WORK ITEM
Write the listing out again word for word, skipping each picture.
EXERCISE DATA START
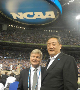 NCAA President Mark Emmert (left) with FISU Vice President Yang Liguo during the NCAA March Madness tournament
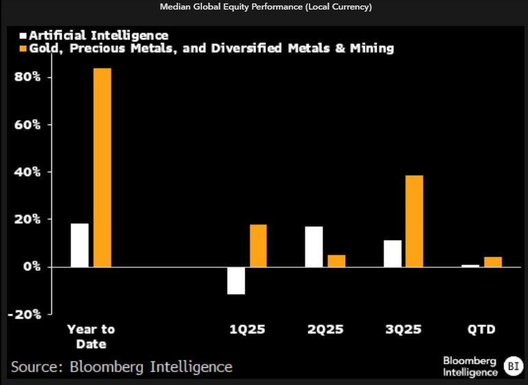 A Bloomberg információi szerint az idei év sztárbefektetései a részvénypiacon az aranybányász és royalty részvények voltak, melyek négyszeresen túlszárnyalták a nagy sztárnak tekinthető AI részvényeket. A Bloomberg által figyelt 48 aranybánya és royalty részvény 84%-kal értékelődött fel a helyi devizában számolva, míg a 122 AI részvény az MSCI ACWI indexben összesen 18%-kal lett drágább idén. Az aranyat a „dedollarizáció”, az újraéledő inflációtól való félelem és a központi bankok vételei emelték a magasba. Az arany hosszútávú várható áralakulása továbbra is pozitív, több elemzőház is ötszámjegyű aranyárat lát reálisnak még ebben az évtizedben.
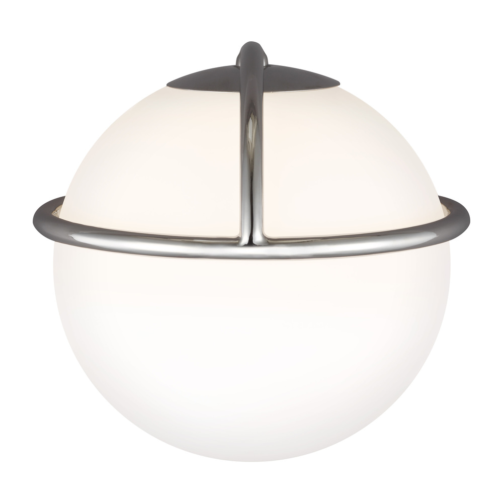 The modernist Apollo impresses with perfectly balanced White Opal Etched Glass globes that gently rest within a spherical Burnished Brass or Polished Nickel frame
EXERCISE DATA END
SOLUTION TO THE PROBLEM
 NCAA President Mark Emmert (left) with FISU Vice President Yang Liguo during the NCAA March Madness tournament
 A Bloomberg információi szerint az idei év sztárbefektetései a részvénypiacon az aranybányász és royalty részvények voltak, melyek négyszeresen túlszárnyalták a nagy sztárnak tekinthető AI részvényeket. A Bloomberg által figyelt 48 aranybánya és royalty részvény 84%-kal értékelődött fel a helyi devizában számolva, míg a 122 AI részvény az MSCI ACWI indexben összesen 18%-kal lett drágább idén. Az aranyat a „dedollarizáció”, az újraéledő inflációtól való félelem és a központi bankok vételei emelték a magasba. Az arany hosszútávú várható áralakulása továbbra is pozitív, több elemzőház is ötszámjegyű aranyárat lát reálisnak még ebben az évtizedben.
 The modernist Apollo impresses with perfectly balanced White Opal Etched Glass globes that gently rest within a spherical Burnished Brass or Polished Nickel frame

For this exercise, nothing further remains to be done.